Eduardo Turégano: "Necesito cotizar un par de años más para poder jubilarme"

Eduardo Turégano ya trasteaba entre motores antes de hacer de ello su profesión. “Con 13 años mi hermano me castigaba mandándome al garaje a lijar y pintar coches”, recuerda. Un año después comenzaría formalmente su carrera laboral, a la edad de 14 años, en una cadena de alimentación. Y hasta hoy, que tiene 61 años y la crisis del covid lo ha dejado en paro. Eduardo las ha visto de todos los colores en casi cinco décadas de calzarse el mono de trabajo (casi) todas las mañanas. La crisis del petróleo (“antes de que gobernara Felipe González”, rememora) también provocó que perdiera su empleo. La del ladrillo la capeó, hasta que la del ‘bicho’ lo ha vuelto a apear, por el momento, del mercado laboral.


/ Jordi Cotrina

Eduardo llevaba 15 años en Establiments Coll, una empresa casi centenaria dedicada a los recambios de la automoción y con cerca de 300 trabajadores, que en septiembre presentó concurso de acreedores y cerró sus tiendas y talleres. Eduardo ha sido una de las muchas víctimas que está dejando la tormenta perfecta que vive la industria del automóvil: en plena transición hacia el vehículo eléctrico, acelerada por la covid y que, a su vez, ha provocado un desplome de la demanda. 

En los 47 años que lleva trabajando, Eduardo ha montado cabinas de pintura, ha arreglado elevadores de coche, se ha encargado del mantenimiento de máquinas de reciclaje disolvente y un largo etcétera de roles vinculados al auto. Hasta que llegó la pandemia. “El sábado estaba en el teatro viendo al ‘Tricicle’ y a la semana siguiente me mandaban a casa con un erte”, recuerda. Eduardo volvió en primavera a trabajar unas semanas, hasta que finalmente la empresa, “de buenas a primeras”, les anunció que pasaba del erte al ere.  

"He tenido problemas para cobrar el paro y al casero le debo mes y medio"

Tras formalizarse el despido colectivo, Eduardo ha tenido problemas para darse de alta en el Sepe para cobrar la prestación de paro. Uno de los miles de casos que han sufrido el especial colapso de las oficinas públicas de empleo en la provincia de Barcelona. “En principio ya está arreglado, debería cobrar este mes”, cuenta, un poco más aliviado. Durante los últimos tres meses Eduardo ha estado sin ingresos debido a esa incidencia en la prestación. “Al casero le debo mes y medio”, cuenta. 

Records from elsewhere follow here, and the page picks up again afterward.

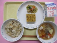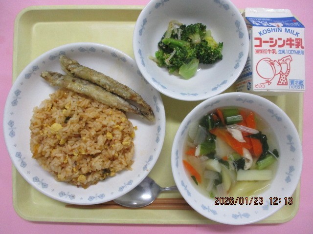 今日はチャーハンを作りました。キムチが入ったチャーハンは、人気の高いメニューです。給食前でしたが、美味しそうな香りに誘われ、給食室前は賑わいをみせていました。来週は学校給食週間です。給食の意義や給食について理解を深める1週間です。様々な給食が出ます。楽しみに待っていてください。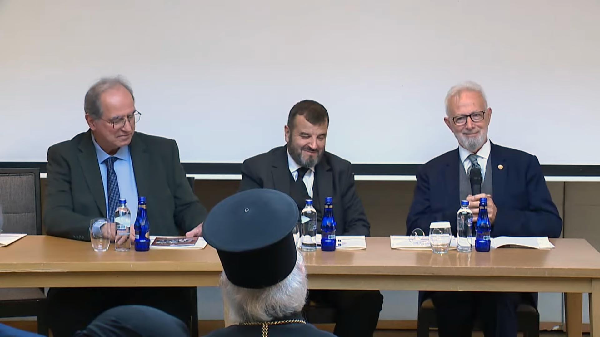 In the first session that followed, chaired by Professor Emeritus Konstantinos Delikostantis (University of Athens) on the topic “The Theological and Spiritual Journey of the Metropolitan of Pergamon John Zizioulas,” the first speaker, Rev. Protopresbyter Prof. Dr. Dimitrios Linos (Athens Medical School) spoke on the topic “Known and unknown human moments of Metropolitan of Pergamon, John Zizioulas,” presenting his personal relation with the Metropolitan of Pergamon, especially in the last years of his life. Then Dr. Nikolaos Asproulis (Deputy Director, Volos Academy for Theological Studies) spoke on the topic “From Fr. Georges Florovsky to Metropolitan John of Pergamon: Continuity and Discontinuity,” where, based on some of their fundamental texts, he attempted to highlight similarities and differences in the theological methodology of the two thinkers and their significance for the present and the future of Orthodox theology. The last speaker of the session, Rev. Hieromonk Dr. Nicholas Sakharov (Monastery of Saint John the Baptist, Essex, UK) spoke on the topic “St. Sophrony of Essex and Metropolitan John of Pergamon,” where he attempted to point out the close theological and spiritual relationship between the two preeminent figures of modern Orthodoxy.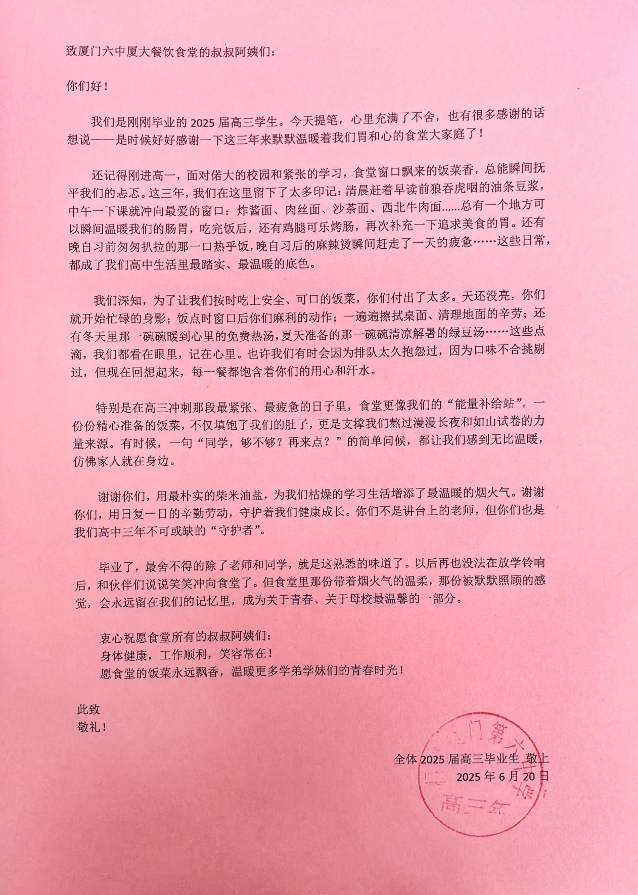 福建省厦门第六中学2025届高三毕业生给公司发来感谢信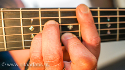 e snaar - 6 vinger op zesde fret (dunste snaar)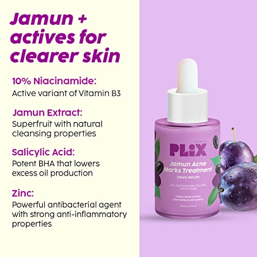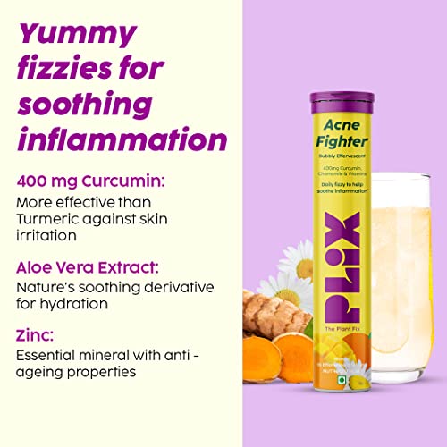 PLIX - THE PLANT FIX Acne Fighter 15 Effervescent Tablets and Jamun Face Serum Combo for Acne Reduction, 1% Zinc & Witch Hazel for Unisex, 500mg Curcumin, Chamomile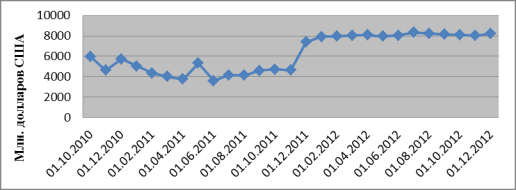 Рис. 1. Динамика объёма золотовалютных резервов Республики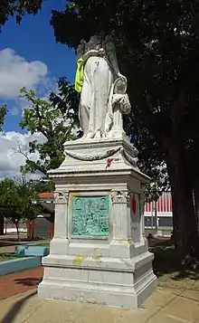 On 21 September 1991 the statue was decapitated;[2] its head was never found. On 26 July 2020 the statue was torn down by "anti-racism protesters". This was condemned by public officials; however, a police source told the press that they had received orders not to interfere with the protesters. Around the same time the protesters also destroyed a nearby statue of Pierre Belain d'Esnambuc, erected in 1935, and several months prior, in April, they destroyed two statues of Victor Schœlcher, claiming that the authorities should honour black emancipation leaders instead of the colonial heritage.[1]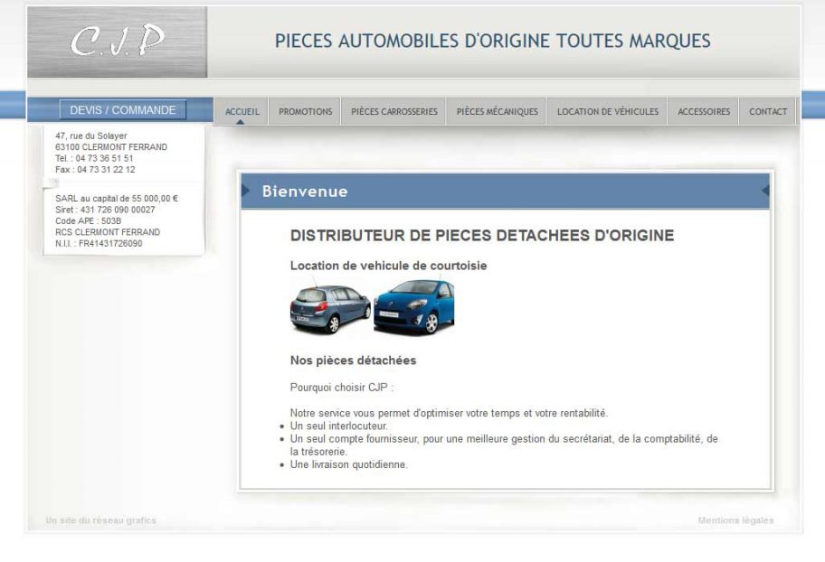 CJPZoomDétails CJP site vitrineInternet, Site internetPar grafics10 décembre 2012Distributeur de pièces détachées d’origine.
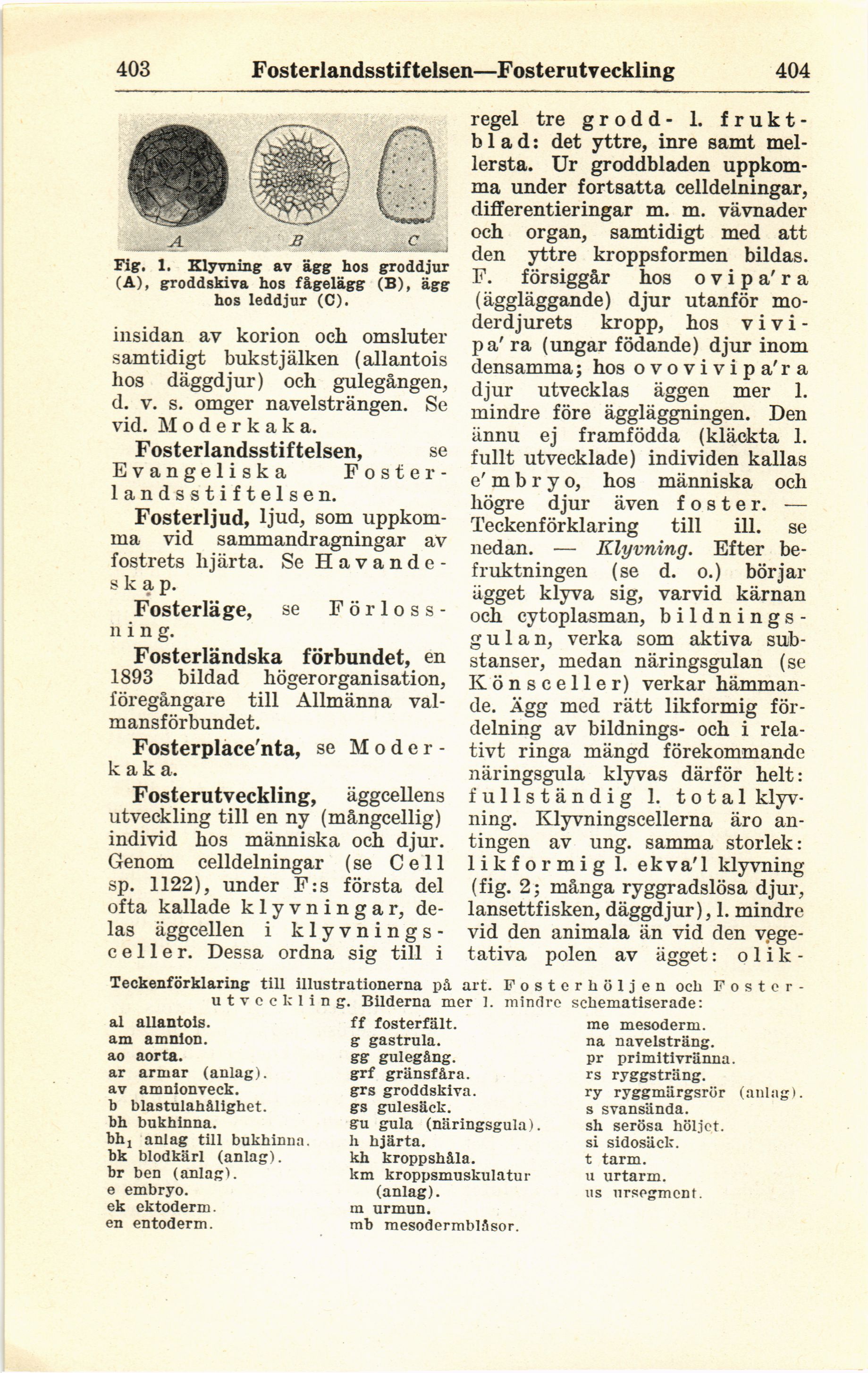 Teckenförklaring till illustrationerna på art. Fosterhöljen och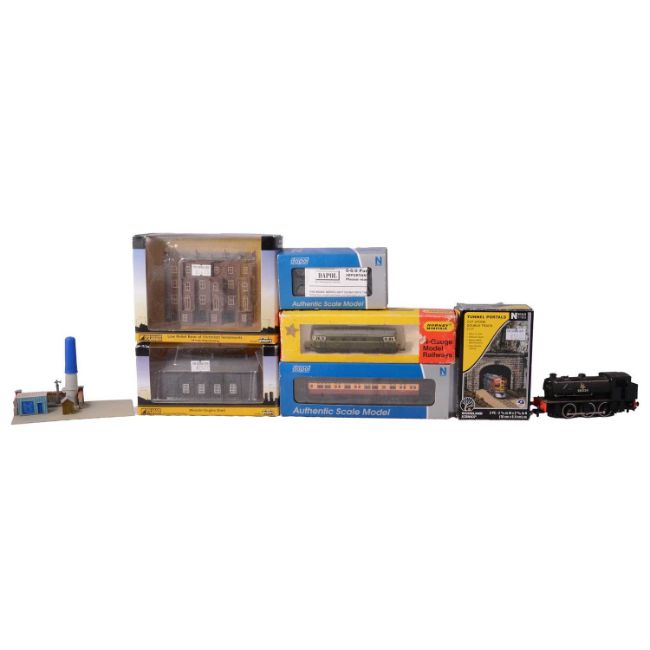 Quantity of N gauge model railways, including two raham Farish boxed buildings, two Dapol engines and one coach, Hornby Minitrix engine, quantity of rolling stock and coaches (not boxed), scenery and kits, track.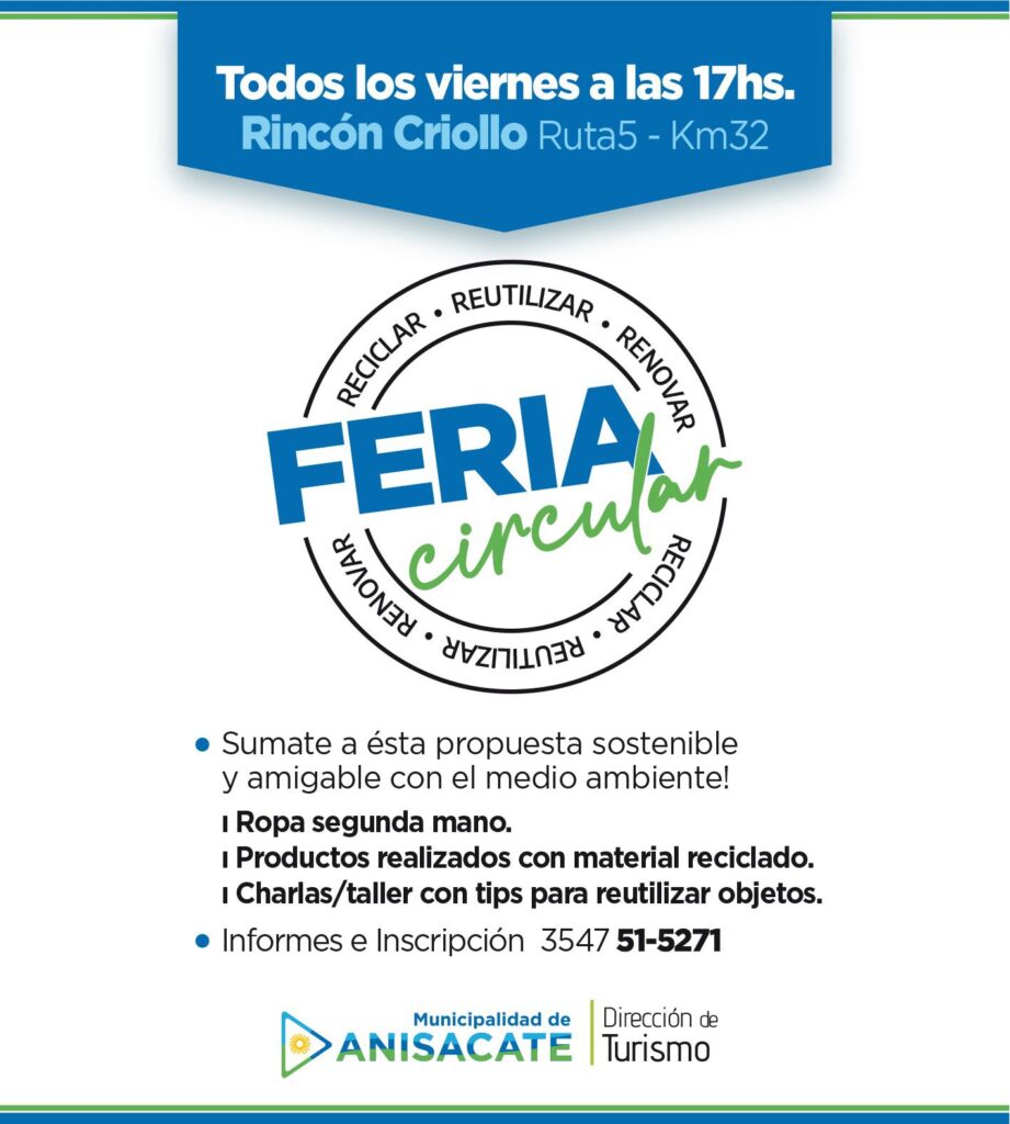 La Municipalidad de Anisacate te invita todos los viernes a una experiencia de creatividad y conciencia ambiental, en el Rincón Criollo. Organizado por la Dirección de Turismo, el Área de Ambiente y feriantes locales, este evento busca promover el reciclado, rehusado y reinventado. En la Feria Circular habrá productos de segunda mano, vintage, prendas […]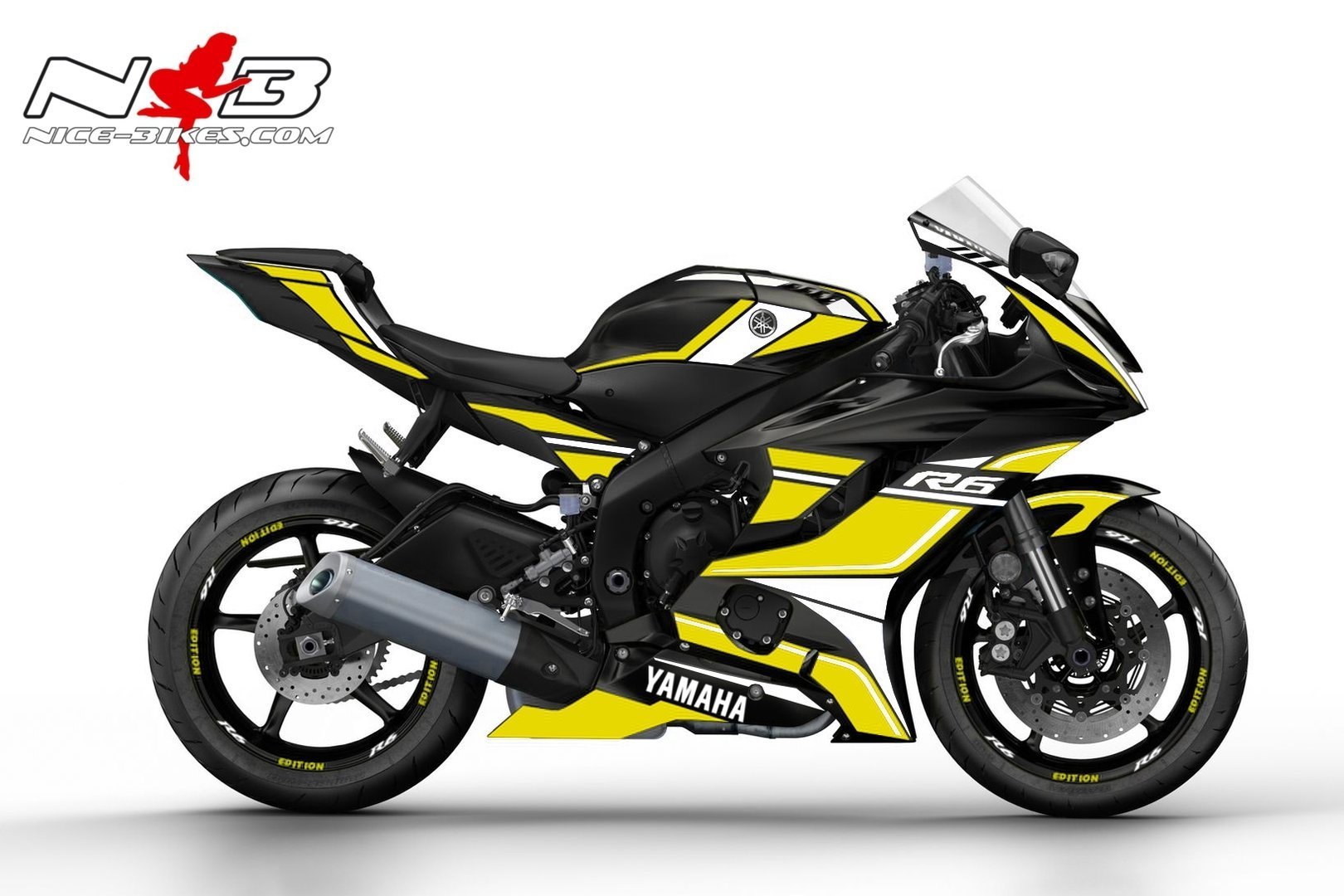 R6 Race Foliendekor gelb auf schwarzer Maschine

Eduardo está en paro, pero se resiste a quedarse quieto. Lo que peor lleva del confinamiento municipal es que no puede moverse más allá de Barcelona para ir a tirar currículos. “Tras tantos años trabajando conoces a un montón de gente y yo necesito ir a los sitios”, explica este veterano. “Necesito cotizar un par de años más para poder jubilarme”, cuenta, tras casi cinco décadas contribuyendo al fisco.  

Macarena de Rosa: "Con la mitad del sueldo, vivo para pagar facturas"

Para Macarena, como para cientos de miles de trabajadores, el 2020 ha sido un año de erte. Unas siglas desconocidas para el común de los mortales hasta la llegada del virus y que hoy son tan habituales como WIFI o OK. Desde que comenzó la pandemia, esta contable ha estado en erte. Primero total, durante la etapa más dura del primer estado de alarma, y desde el verano parcial, de media jornada. ERTE, cuarto palabras que han servido para que Macarena mantuviera su empleo, pero que también le han dejado menos ingresos al final de mes en su cuenta y le han supuesto horas de silencio, con un Sepe comunicando al otro lado de la línea. 


/ Ricard Cugat

Tras la penúltima renovación de los ertes en octubre, todas las empresas que seguían en suspensión tuvieron que volver a enviar la documentación de sus trabajadores para que estos siguieran cobrando la prestación por desempleo. Al contrario que a muchos, que tuvieron retrasos al inicio de la pandemia y que luego se fueron solventando, ha sido en esta tercera ola cuando a Macarena le han llegado los problemas con el Sepe. 

Un error en la documentación librada por la empresa la ha dejado sin cobrar la prestación hasta este final de enero. “Con la mitad del sueldo [unos 650 euros], solo vivo para pagar facturas”, cuenta. Este mes ya respira más aliviada tras cobrar la parte del erte, pero la posibilidad de cualquier gasto imprevisto la ha tenido angustiada hasta ahora. “Suerte que mi pareja encontró trabajo durante la pandemia, debe ser la excepción que confirma la regla”, comenta. 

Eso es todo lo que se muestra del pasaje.